Objective: To determine whether creatinine clearance at the time of hospital admission is an independent predictor of hospital mortality and adverse outcomes in patients with acute coronary syndromes (ACS).
Design: A prospective multicentre observational study, GRACE (global registry of acute coronary events), of patients with the full spectrum of ACS.
Setting: Ninety four hospitals of varying size and capability in 14 countries across four continents.
Patients: 11 774 patients hospitalised with ACS, including ST and non-ST segment elevation acute myocardial infarction and unstable angina.
Main outcome measures: Demographic and clinical characteristics, medication use, and in-hospital outcomes were compared for patients with creatinine clearance rates of > 60 ml/min (normal and minimally impaired renal function), 30-60 ml/min (moderate renal dysfunction), and < 30 ml/min (severe renal dysfunction).

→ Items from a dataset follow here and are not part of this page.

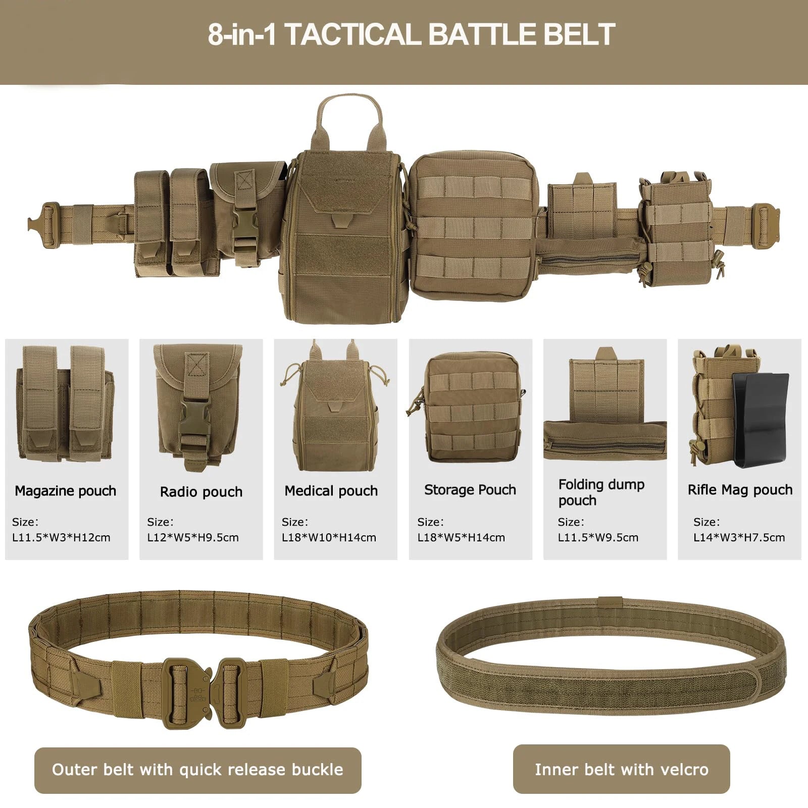 8-in-1 Hunting Tactical Battle Belt with Accessories Tactical Combat Belt Quick Release Rigger Belt Heavy Duty Belts 8 Pcs
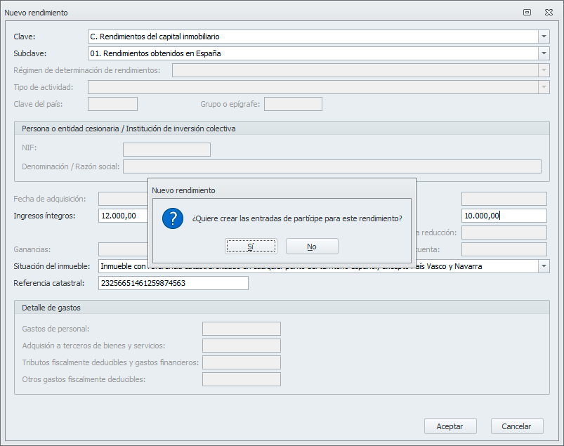 Al aceptar los datos de este formulario, el sistema pregunta si queremos que el mismo cree los registros de partícipe para este rendimiento. Hacemos clic en 'Sí'.
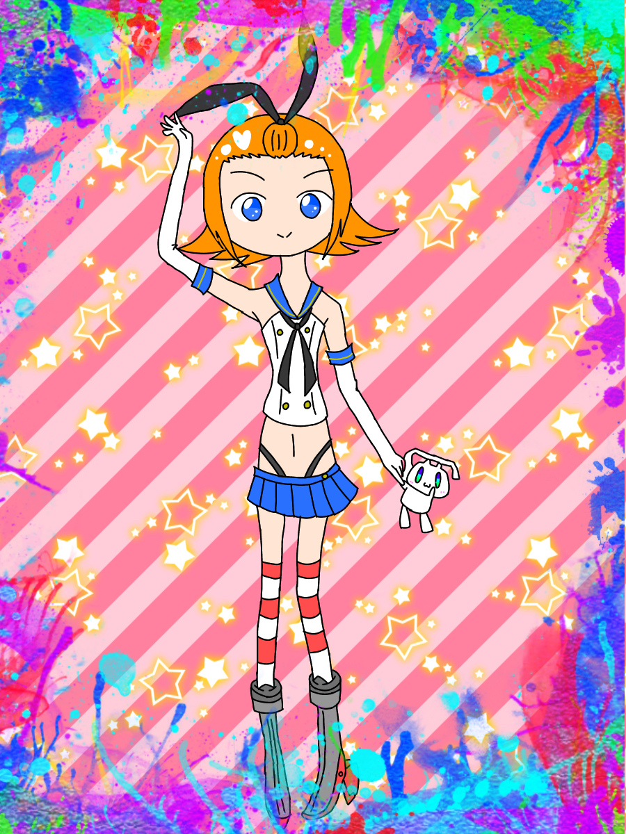 1girl blue_eyes blue_skirt cosplay highres kantai_collection oomiya-tan orange_hair shimakaze_(kancolle) shimakaze_(kancolle)_(cosplay) skirt
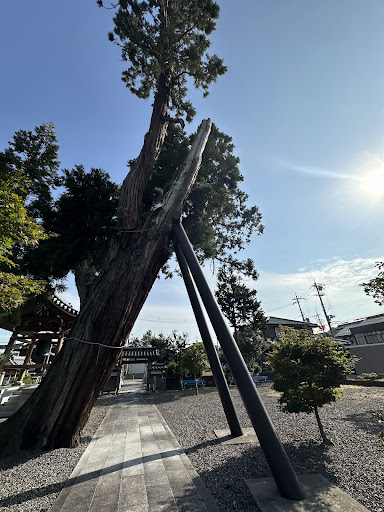 Read more大杉は、南に開いた参道石畳の東。大きく西に傾き、それを支える支柱とで参道を跨ぐ三角形を形作っている。 根元の様子から判断すると、本来は直立していたものが、横向きの大きな力を受けて、東側の...
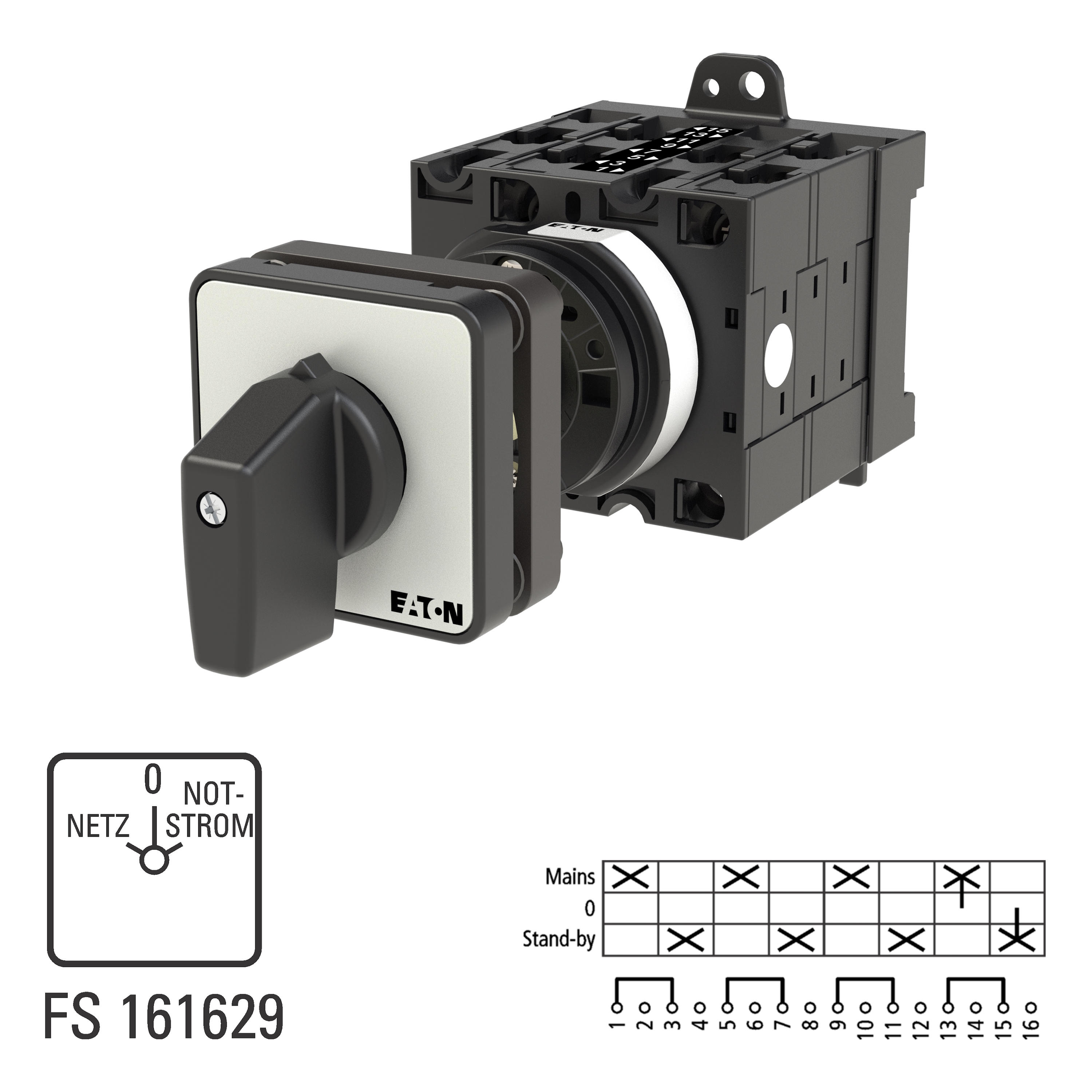 Przełącznik, Zacisk śrubowy: Łączniki sterownicze, Odniesienie grupy części T3, z czarnym pokrętłem z tabliczką czołową, Zestyki: 8, Stopień ochrony: Przód IP65, Projekt: montaż na panelu tylnym, Kąt przełączania: 60°, Przebieg łączenia: bez samopowrotu, Z pozycją 0 (wył.), tabliczka czołowa: Netz-0-Notstrom, Moc znamionowa AC-23A, 50 - 60 Hz 400 V: P = 15 kW, Znamionowy prąd ciągły: Iu = 32 A, 4 zespoł montażowy, Normy: IEC/EN 60947, VDE 0660, IEC/EN 60204, CSA, UL, Rozłącznik izolacyjny zgodnie z normą IEC/EN 60947-3

Results: Patients with moderate or severe renal dysfunction were older, were more likely to be women, and presented to participating hospitals with more comorbidities than those with normal or minimally impaired renal function. In comparison with patients with normal or minimally impaired renal function, patients with moderate renal dysfunction were twice as likely to die (odds ratio 2.09, 95% confidence interval 1.55 to 2.81) and those with severe renal dysfunction almost four times more likely to die (odds ratio 3.71, 95% confidence interval 2.57 to 5.37) after adjustment for other potentially confounding variables. The risk of major bleeding episodes increased as renal function worsened.
Conclusion: In patients with ACS, creatinine clearance is an important independent predictor of hospital death and major bleeding. These data reinforce the importance of increased surveillance efforts and use of targeted intervention strategies in patients with acute coronary disease complicated by renal dysfunction.